╭──

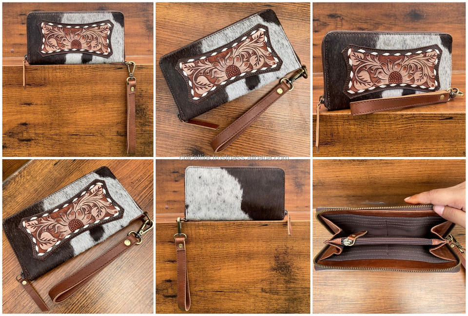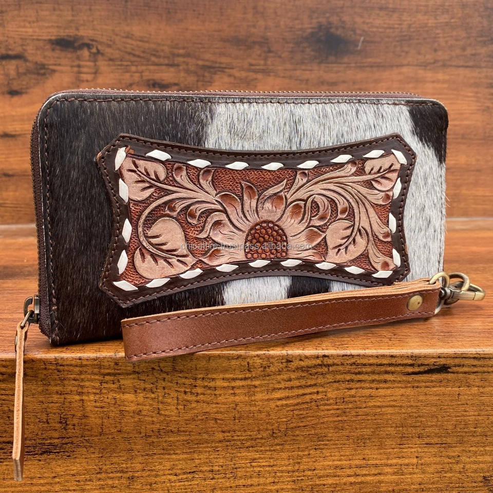 Product name:Hand Tooled Cowhide Leather Wristlet Wallet
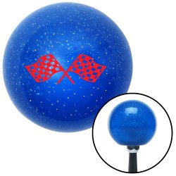Red Dual Racing Flags Blue Metal Flake Shift Knob w/ M16x1.5 Insert Floor Shifter Auto Manual Automatic Custom Universal 3 4 5 6 Speed Transfer Case Brody Suicide Close Ratio Short Throw Cable Ratchet
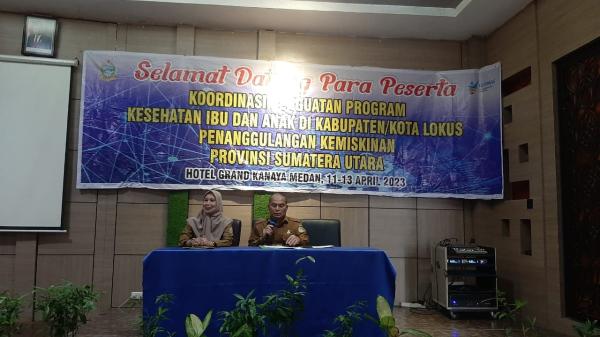 MEDAN: Seksi Kesehatan Keluarga dan Gizi, Dinas Kesehatan Provinsi Sumatera Utara menggelar Koordinasi Penguatan Program Kesehatan Ibu dan Anak (KIA) di Kab/Kota Lokus Penanggulangan Kemiskinan Provinsi Sumatera Utara, di Grand Kanaya Hotel, Jalan Darussalam No.12, Medan, Selasa Hingga Kamis (11-13/ 04/2023).
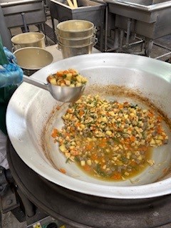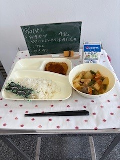 「じゃがいもと野菜の煮もの」は、鶏肉、じゃがいも、こんにゃく、たまねぎ、たけのこ、にんじん青みにさんどまめを使用した煮ものです。
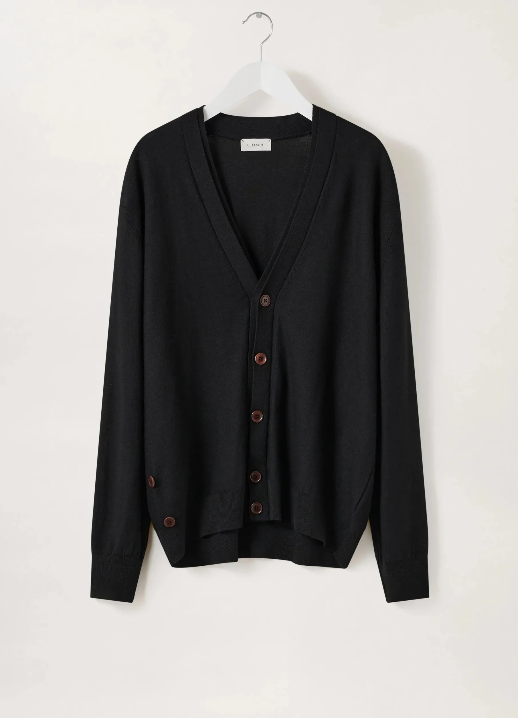 This Cardigan Is Made Of A Merino Blend With A Dry Hand And A Slightly Heathered Appearance. Based On Lemaire’s Twisted Staples, This Regular Fit Cardigan Features An Asymmetric Button Placket That Closes On The Side Seam, Wrapping Around The Waist. A Doublelayer Placket And Insideout Seams Complete Its Details.
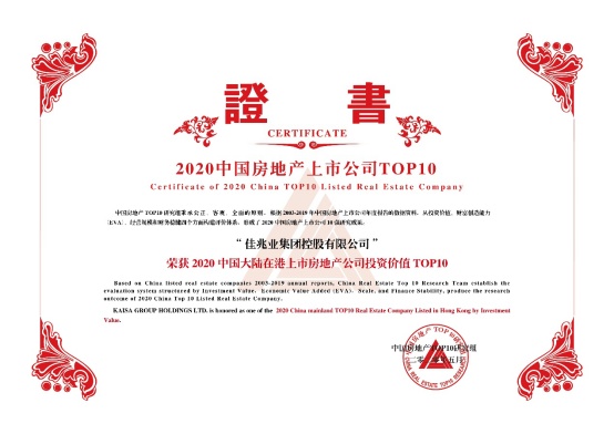 5月13日,由中国指数研究院、中国房地产TOP10研究组主办的“2020年中国房地产上市公司研究成果发布会”在线上举行。凭借领先的盈利能力、可持续的成长能力以及良好的运营效率,佳兆业集团(01638)获评 “2020中国大陆在港上市房地产公司投资价值TOP10”第4位。
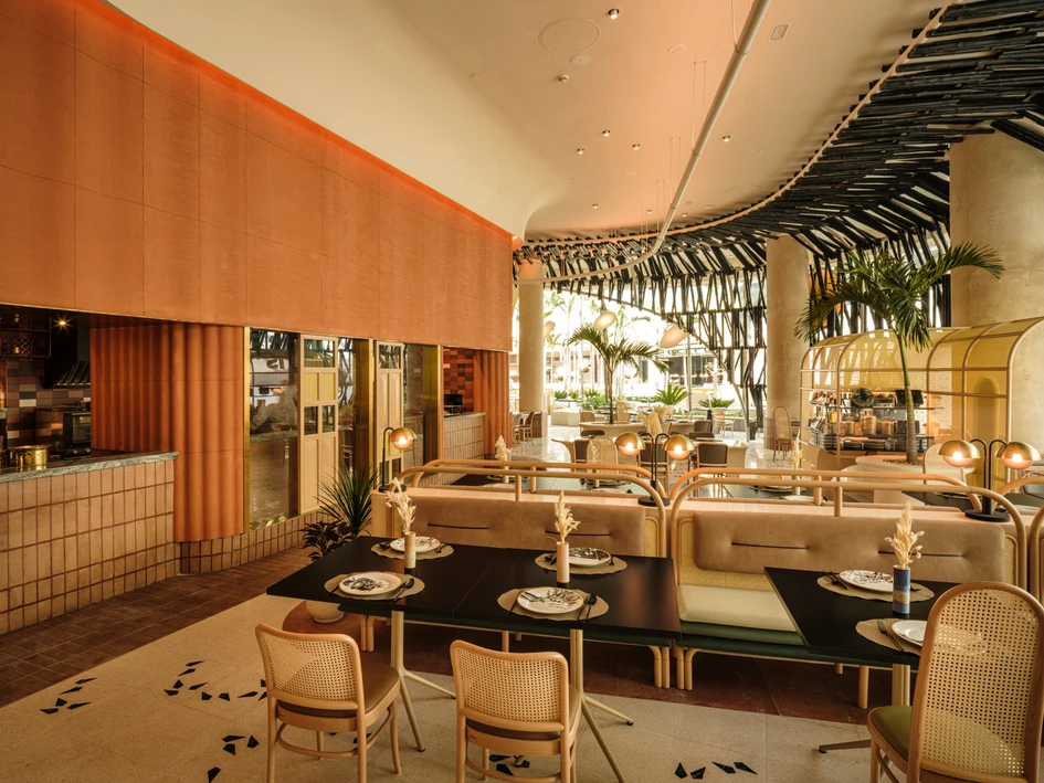 The terrazzo flooring is dusted with black marble inserts cut in diamond shapes, the same tile cut used in the flagship’s private dining rooms. The undulating kitchen wall is grounded with a brick skirting that folds into the floor, indirectly marking the service circulation space within the dining area. Rattan is used throughout the space, from an insert in the wooden panels acting as a backdrop to the reception and to the furniture and counters.
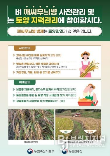 특히 지난해 등숙기 동안 피해가 컸던 깨씨무늬병 예방을 위해서는 종자와 토양 관리를 철저히 해야 한다. 종자는 소금물가리기를 통해 충실한 볍씨를 선별하고, 소독은 약 30℃ 물에서 24~28시간 약제 소독하거나 60℃ 물에서 10분간 처리하는 온탕 소독 방법이 권장된다.
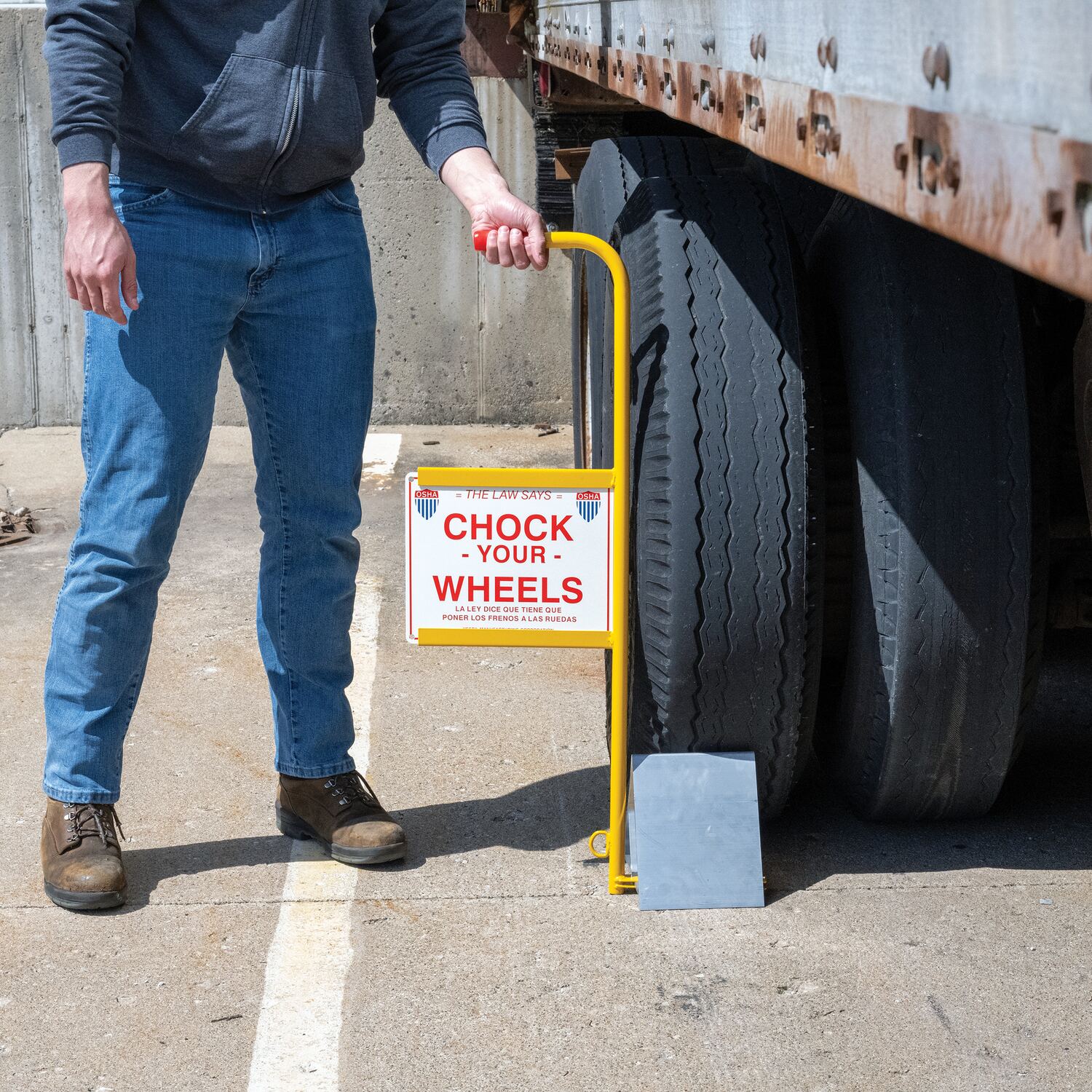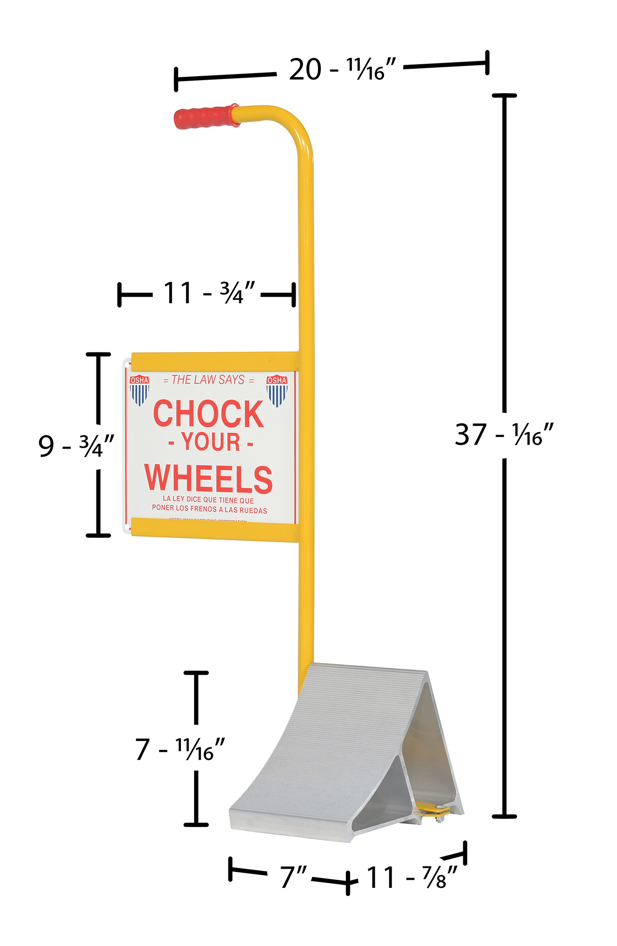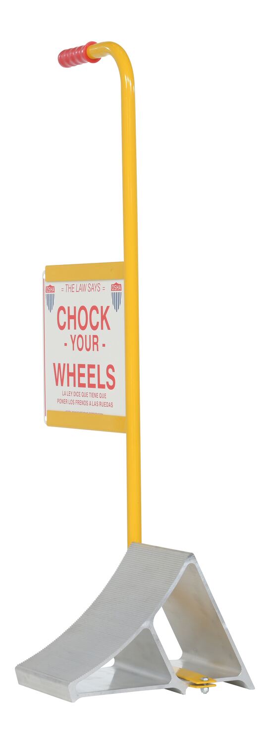 Constructed of extruded lightweight aluminum that is easy to handle. Features a serrated top to grip the tire and a triple edged bottom to grip the ground. Optional handle and sign attachment available. Customer signs available.

╰──

Transcribe, from the material above, the stretch starting at the line with "5月13日,由中国指数研究院" and ending at the line with "The terrazzo flooring", both included, exactly. Do not carry over pictures.

 5月13日,由中国指数研究院、中国房地产TOP10研究组主办的“2020年中国房地产上市公司研究成果发布会”在线上举行。凭借领先的盈利能力、可持续的成长能力以及良好的运营效率,佳兆业集团(01638)获评 “2020中国大陆在港上市房地产公司投资价值TOP10”第4位。
 The terrazzo flooring is dusted with black marble inserts cut in diamond shapes, the same tile cut used in the flagship’s private dining rooms. The undulating kitchen wall is grounded with a brick skirting that folds into the floor, indirectly marking the service circulation space within the dining area. Rattan is used throughout the space, from an insert in the wooden panels acting as a backdrop to the reception and to the furniture and counters.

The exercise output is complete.